I take in a deep breath as Louis gets closer to my entrance, no, no, no. And in the blink of an eye, I find myself back in my old room, three years back. Sam is knelt down in between my legs.

*Flashback*

"It won't hurt, I swear." Sam's tone is harsh, there's no turning back now. His eyes are dilated. The strong scent of weed bounces of his shirt, giving away he's high and might not know what he's doing. We're both naked already and even if I'd tried to stop him, he'd over power me. If this is what will get me through the year so I won't be alone, then maybe it's worth it. I can't live the rest of the school year sitting in the corner reading a a book everyday.

He says it won't hurt, he swears. "Stay still." He demands. How can I stay still? The shaking of my hands is unstoppable, the more I try to stop it, the more they shake.
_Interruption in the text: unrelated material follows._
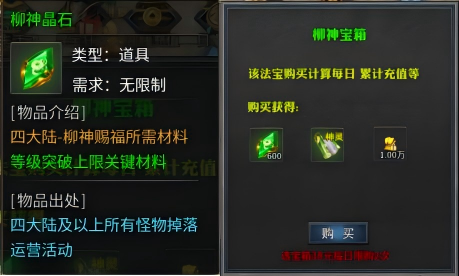 柳神晶石:四大陆及以上区域的怪物均有掉落,参与“柳神宝箱”等日常活动,每日两次获取机会,让你的赐福之路畅通无阻!

I do as he says, he spreads my legs, moving them apart with his leg. His size is dangerously close to me, so close. His eyes and mine never leaving each other.

I can start to feel the hardness of it against my skin. It's cold and stiff, disgusting really.

"I don't want to do this anymore." I panic. I don't want this, not like this. He's only doing this to please himself.

"Yes you do Harry." Again his voice is cold, no meaning behind what he says.

"No, no I don't." I plead for mercy. Why didn't I think this through.

"It's only a one time thing, fuck. It's not like I'll turn fucking gay for you." He did warn me before. What we have going on is normal according to him. He says he's disgusted by the whole "gay" thing yet he's here wanting to take my virginity away. I've grown so many emotions towards Sam but he doesn't care and doesn't even want to know about them. The simple topic makes him uneasy, causing him to curse at me when I bring it up. I can't control my feelings, what else does he expect?

Everything in the room goes dark. My vision becomes unfocused, I can see Sam in a distorted way after he punctures his way inside me. The pain is unbearable and sharp. My crying is inevitable at this point.